Thursday, July 29, 2010

Heart on my sleeve: a rarity.

I love being a girl, right?

But there are very acute moments (usually once a month) when it is legitimately an illness to have a vagina.

(Feminists, go to another blog.)

You are quite literally a victim of nature and your own body.

I, for one, get moody as all hell. Happy one moment, depressed the next.

I am also extremely good at hiding it. I run: physically and emotionally.

I am literally my own terrorist, physical trainer, psychologist.

I wish I wasn't. I wish I put that on God, but I don't.

I talk to Him when the pain gets too overwhelming to handle alone, which it always does.

And I refuse to go to Human with those issues, no matter how much I love and trust him/her.

I fear the prospect of confused facial expressions, biased advice, and dismissal too much.

I’m harsh enough on myself.

Furthermore (I use that word a lot in essays), I think too much.

The problem is that I am so unapologetic about who I am: the whole moody, messy, overly analytical Me.

The thing with being unapologetic is that the moment people tell me that that’s a good trait, the moment I become complacent and eventually become dissatisfied with who I am.

AND THE CYCLE REPEATS ITSELF.

In other words, people’s compliments can’t withstand the views I have of myself. I’ll tear that shit down.

All of the above is me barely scratching the surface of my thoughts.

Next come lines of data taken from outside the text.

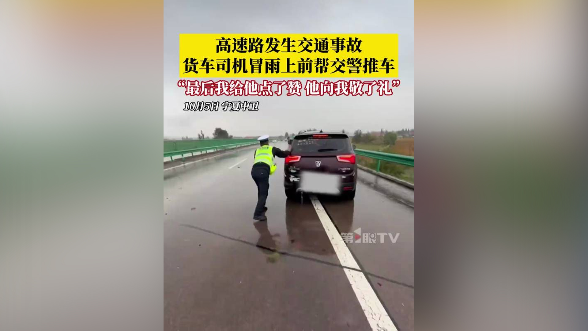 高速路上发生交通事故 货车司机冒雨上前帮助交警推车
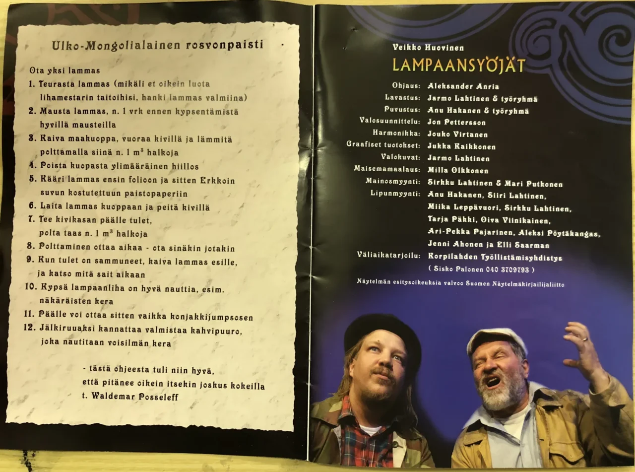 Se kertoo kahdesta miehestä, Sepestä ja Valtterista, jotka lähtevät elokuussa erikoiselle autoretkelle. Elokuvaversiona (1972) road movie -leiman saaneen tekstin kulmakiviä edustavat juopottelu, kulinarismi ja filosofointi. Lampaansyöjät ohjaa Aleksander Anria, joka palaa Korpilahdelle vuoden tauon jälkeen.
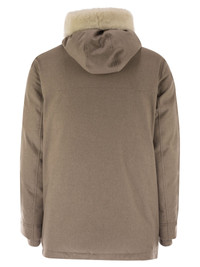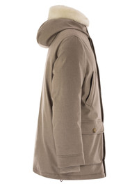 The extremely soft feel of the wool is enhanced by the fur collar, creating a refined contrast with the sophisticated and functional elements. The fit remains regular and comfortable. Wool flannel is a classic lightweight and compact fabric that perfectly expresses the qualities of this fine natural fibre. High-quality goose down and feather padding completes the garment. - Double closure with zip and buttons - The collar can be worn upright - High pocket - Low patch pockets - Buttoned cuffs DESIGNER ID: MM4701993 CHC81 100% Wool Lining: 100% Nylon Knit part: 100% Cashmere Pocket lining: 100% Cotton Filling container: 100% Polyammide Filling: 90% Goose down, 10% Goose feather Inserts Fur Size Type: INT SKU: MM4701993CHC81 Our Products Are 100% Genuine. In All Cases We Stand By The Authenticity Of Every Product Sold On Our Site. All sales are final and we only accept returns for quality issue. Buyer is responsible for any import tax/duty if applicable.
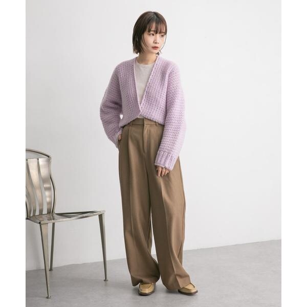 秋コーデに欠かせないカーディガンが早くも登場。柔らかい印象を放つ手編み風仕様&スタイルアップが期待できるショート丈がポイントです。少しMIX感のある糸を採用したのも特徴的。目を惹くカラーバリエーションとなっております。

And...of course, I miss my grandma.

2 comments:

  1. I recently read an article that in relationships, guys tend to be MORE anxious than their female counterparts, but they don't show it. Where women tend to cry and just talk about their problems, men tend to be reserved and instead of talking or showing emotion, they turn to mood-affecting substances such as alcohol or cigarettes.
    We've all got problems, and nothing in the world will satisfy.
    But I think that's the point: to see that only Christ will satisfy.
    John Newton wrote this great hymn about how the saints throughout the ages have struggled with themselves called "I Asked the Lord":

    1. I asked the Lord that I might grow
    In faith and love and every grace
    Might more of His salvation know
    And seek more earnestly His face

    2. Twas He who taught me thus to pray
    And He I trust has answered prayer
    But it has been in such a way
    As almost drove me to despair

    3. I hoped that in some favored hour
    At once He'd answer my request
    And by His love's constraining power
    Subdue my sins and give me rest

    4. Instead of this He made me feel
    The hidden evils of my heart
    And let the angry powers of Hell
    Assault my soul in every part

    5. Yea more with His own hand He seemed
    Intent to aggravate my woe
    Crossed all the fair designs I schemed,
    Cast out my feelings, laid me low

    6. Lord why is this, I trembling cried
    Wilt Thou pursue thy worm to death?
    "Tis in this way" The Lord replied
    "I answer prayer for grace and faith"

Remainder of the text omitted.